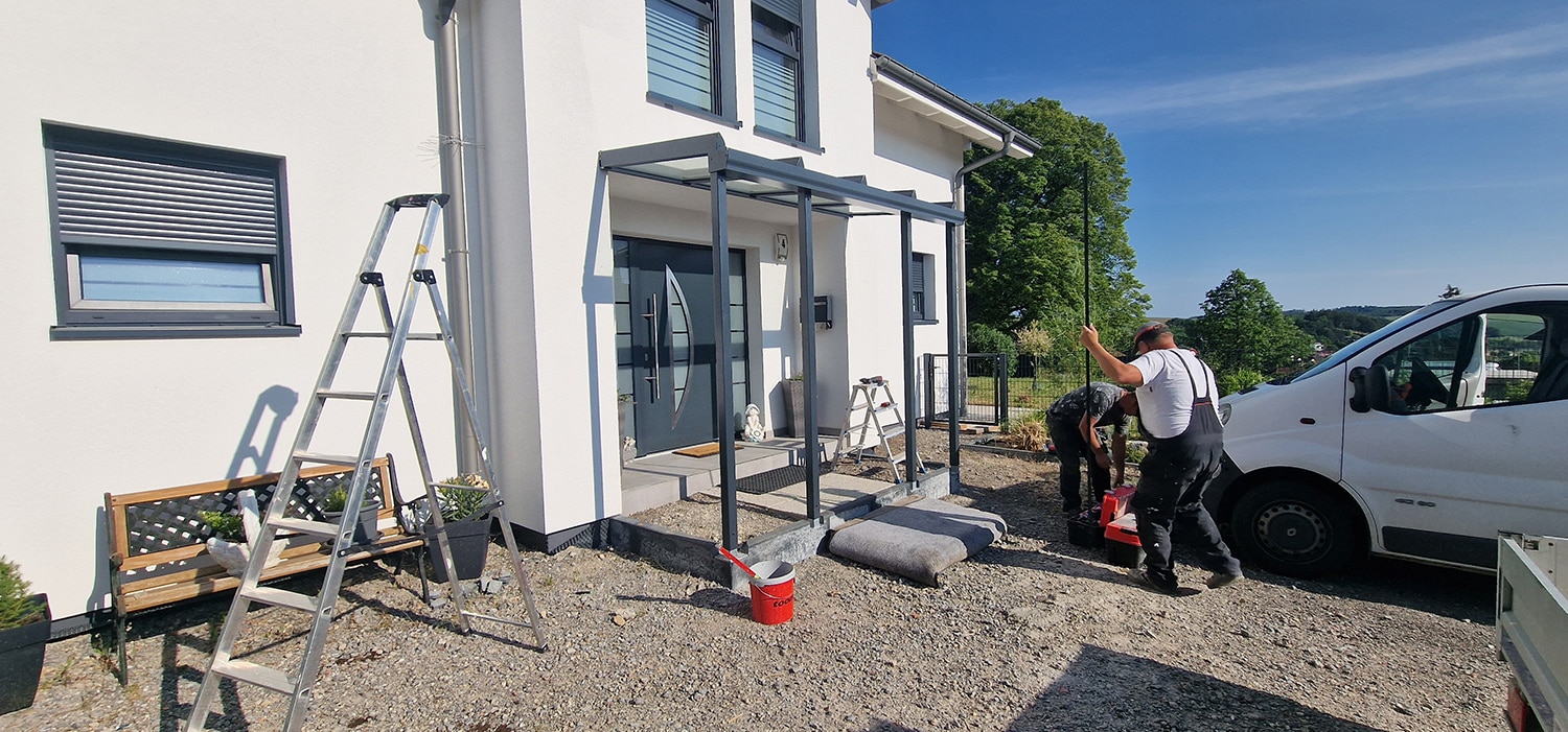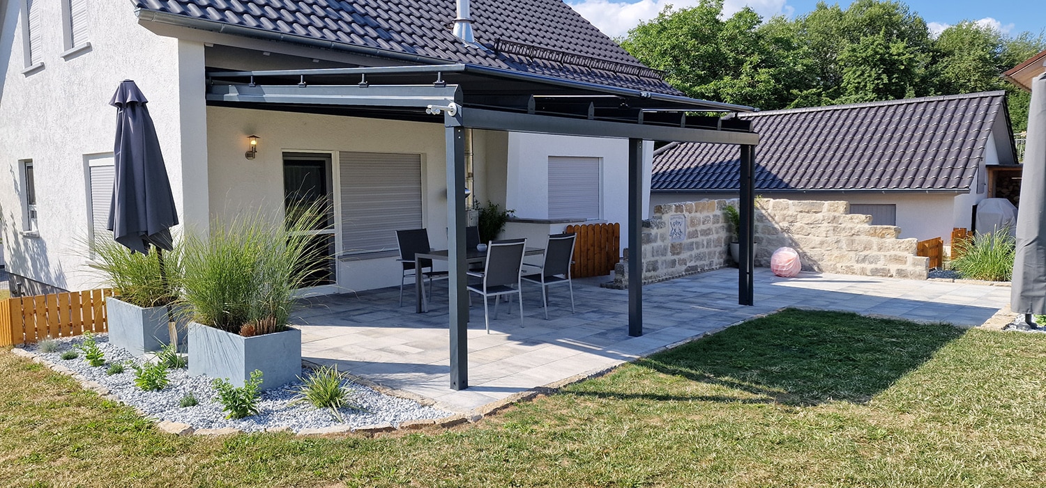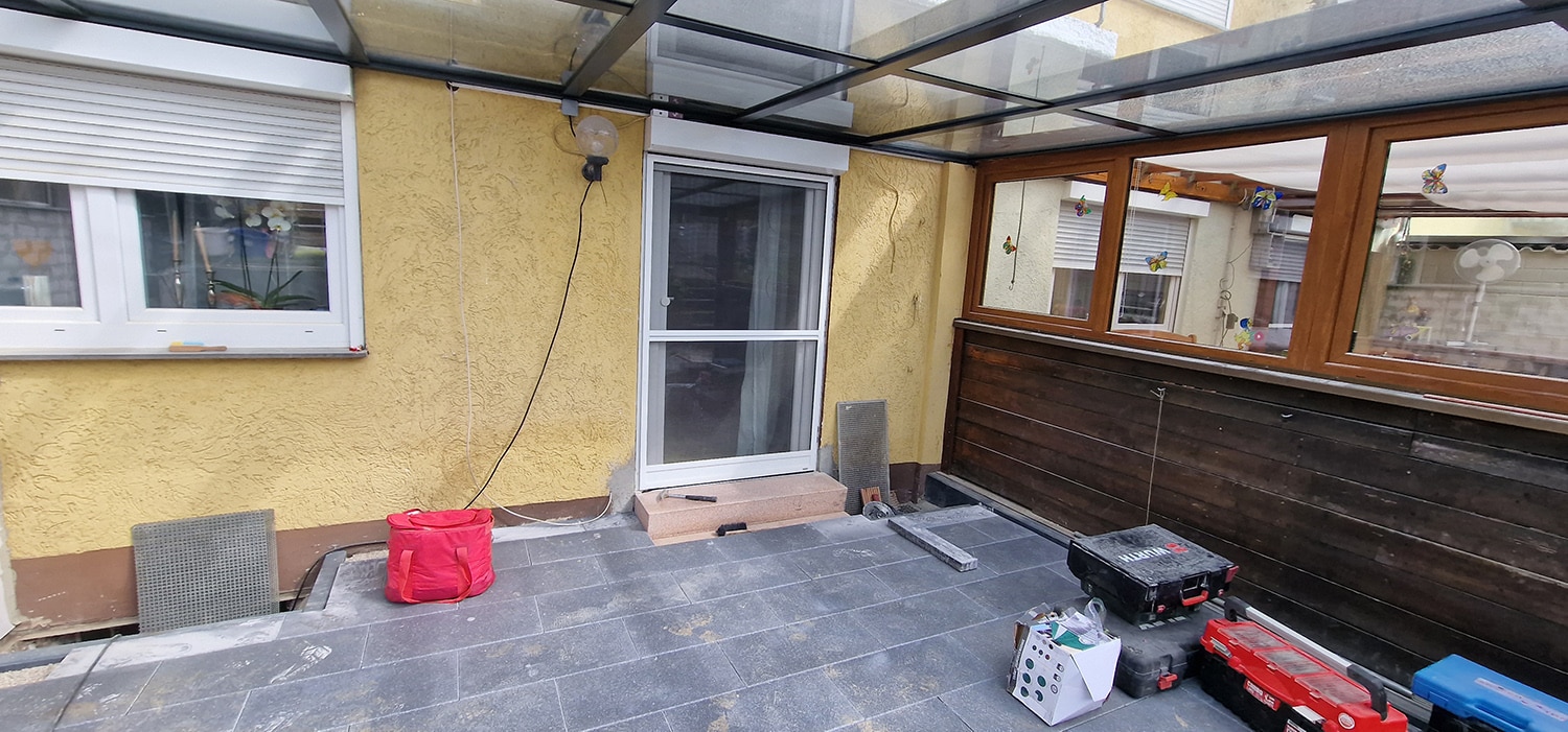 Auf Wunsch bauen wir eine neue speziell auf die Konstruktion Ihres Hauses zugeschnittene Terrasse, verlegen Fliesen, Balkonplatten oder passen die gesamte Umgebung an die Errichtung eines Wintergartens an.
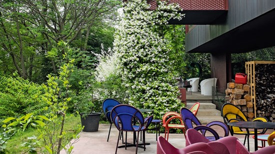 Many of us have bay windows in our homes, but have you ever seen such a gorgeous design as this? The double doors and large panelled windows let light stream into the house, while the tall verdant plants and trees mimic the foliage growing on the terrace outside. The upcycled chairs and sleek table create a contemporary twist to the classic bistro look - urban chic with a rustic feel.
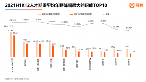 猎聘数据显示,2021年上半年中高端人才中,有超过20%的K12、在线教育的人才愿降薪跳槽。

### [EXERCISE DETAILS]
The material above should be returned exactly, without pictures.

### [THE ANSWER]
 Auf Wunsch bauen wir eine neue speziell auf die Konstruktion Ihres Hauses zugeschnittene Terrasse, verlegen Fliesen, Balkonplatten oder passen die gesamte Umgebung an die Errichtung eines Wintergartens an.
 Many of us have bay windows in our homes, but have you ever seen such a gorgeous design as this? The double doors and large panelled windows let light stream into the house, while the tall verdant plants and trees mimic the foliage growing on the terrace outside. The upcycled chairs and sleek table create a contemporary twist to the classic bistro look - urban chic with a rustic feel.
 猎聘数据显示,2021年上半年中高端人才中,有超过20%的K12、在线教育的人才愿降薪跳槽。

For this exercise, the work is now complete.